■ **WHAT IS REQUIRED**
Repeat the data that follows, word for word, without the images.

■ **DATA PROVIDED**
------------------------
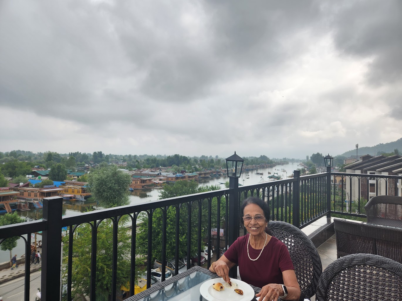 After the long drive from Gurez, we reached Srinagar late evening, checked-in into The Vintage, a decent property wherein our room had a lovely view of the Dal Lake. We enjoyed these views with a nice dinner in our room itself. We had a good night’s sleep and were fresh in the morning, ready to explore Srinagar! However, it was a rainy morning, so our venturing out got a little delayed. We decided to enjoy a leisurely buffet breakfast at the hotel’s rooftop restaurant, that offered great views of the Dal lake and the city. As the rain subsided, we started our day by a visit to the Shankaracharya Temple, apparently the oldest Hindu temple of Kashmir. Perched on a hilltop, the drive up to the car parking area was nice and green. Post that, one needs to climb about 250 steep stairs to reach this Shiv temple and it offers a bird’s eye view of the Srinagar city. It was cloudy and the mist added to the splendid views. The Jhelum looked stunning and the multiple bridges over the river reminded me of Paris!
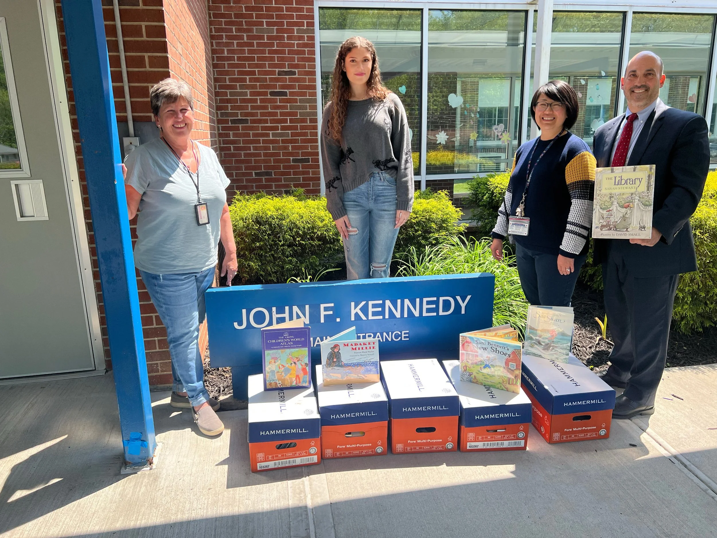 On May 18th, 2023, our founder and president, Abigail Monasebian, was invited as a guest speaker to John F. Kennedy Elementary school to introduce Books Defy Borders to the students, the principal, the assistant principal, and a variety of teachers. She gave a 30-minute long presentation to her audience, and at the end of the presentation, the children gave her 5 boxes of books (over 150 books) for Books Defy Borders. Find the links to the Great Neck Public Schools Instagram and Facebook posts dedicated to Abigail’s presentation by clicking the photos presented on this page.
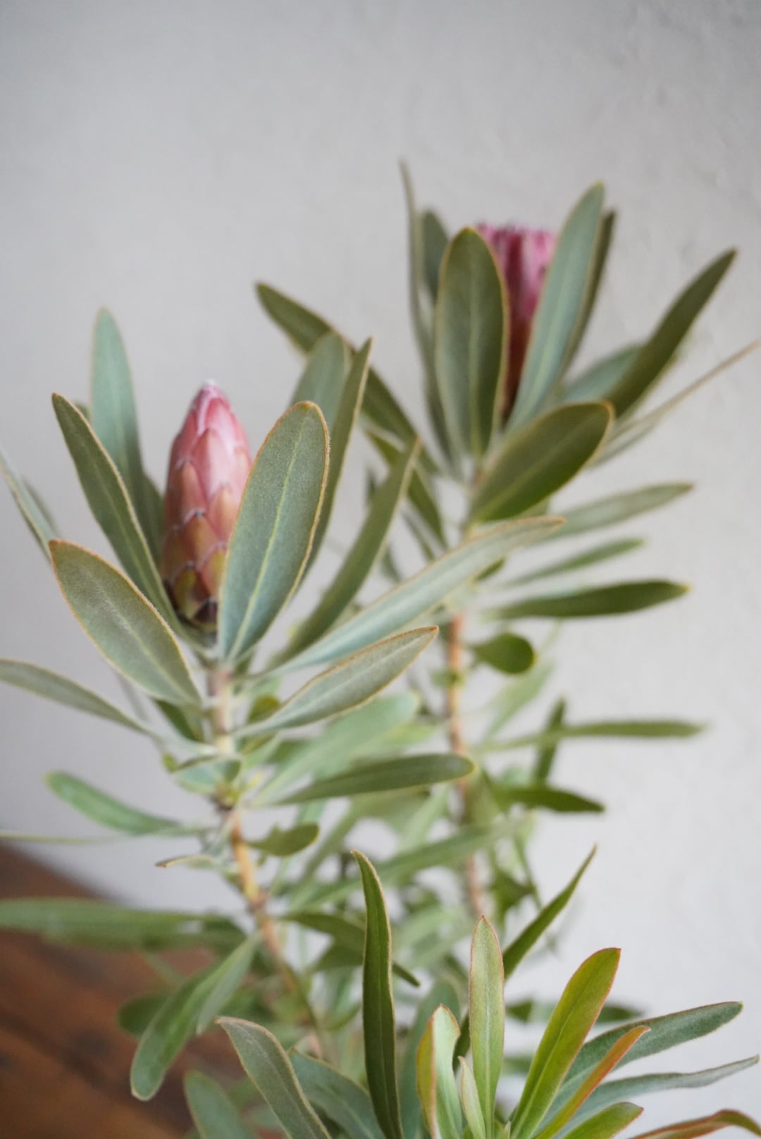 ふわふわとした高級感のある花と、シルバーがかった美しい葉っぱが魅力のプロテア!
------------------------
■ **SOLVED EXERCISE**
 After the long drive from Gurez, we reached Srinagar late evening, checked-in into The Vintage, a decent property wherein our room had a lovely view of the Dal Lake. We enjoyed these views with a nice dinner in our room itself. We had a good night’s sleep and were fresh in the morning, ready to explore Srinagar! However, it was a rainy morning, so our venturing out got a little delayed. We decided to enjoy a leisurely buffet breakfast at the hotel’s rooftop restaurant, that offered great views of the Dal lake and the city. As the rain subsided, we started our day by a visit to the Shankaracharya Temple, apparently the oldest Hindu temple of Kashmir. Perched on a hilltop, the drive up to the car parking area was nice and green. Post that, one needs to climb about 250 steep stairs to reach this Shiv temple and it offers a bird’s eye view of the Srinagar city. It was cloudy and the mist added to the splendid views. The Jhelum looked stunning and the multiple bridges over the river reminded me of Paris!
 On May 18th, 2023, our founder and president, Abigail Monasebian, was invited as a guest speaker to John F. Kennedy Elementary school to introduce Books Defy Borders to the students, the principal, the assistant principal, and a variety of teachers. She gave a 30-minute long presentation to her audience, and at the end of the presentation, the children gave her 5 boxes of books (over 150 books) for Books Defy Borders. Find the links to the Great Neck Public Schools Instagram and Facebook posts dedicated to Abigail’s presentation by clicking the photos presented on this page.
 ふわふわとした高級感のある花と、シルバーがかった美しい葉っぱが魅力のプロテア!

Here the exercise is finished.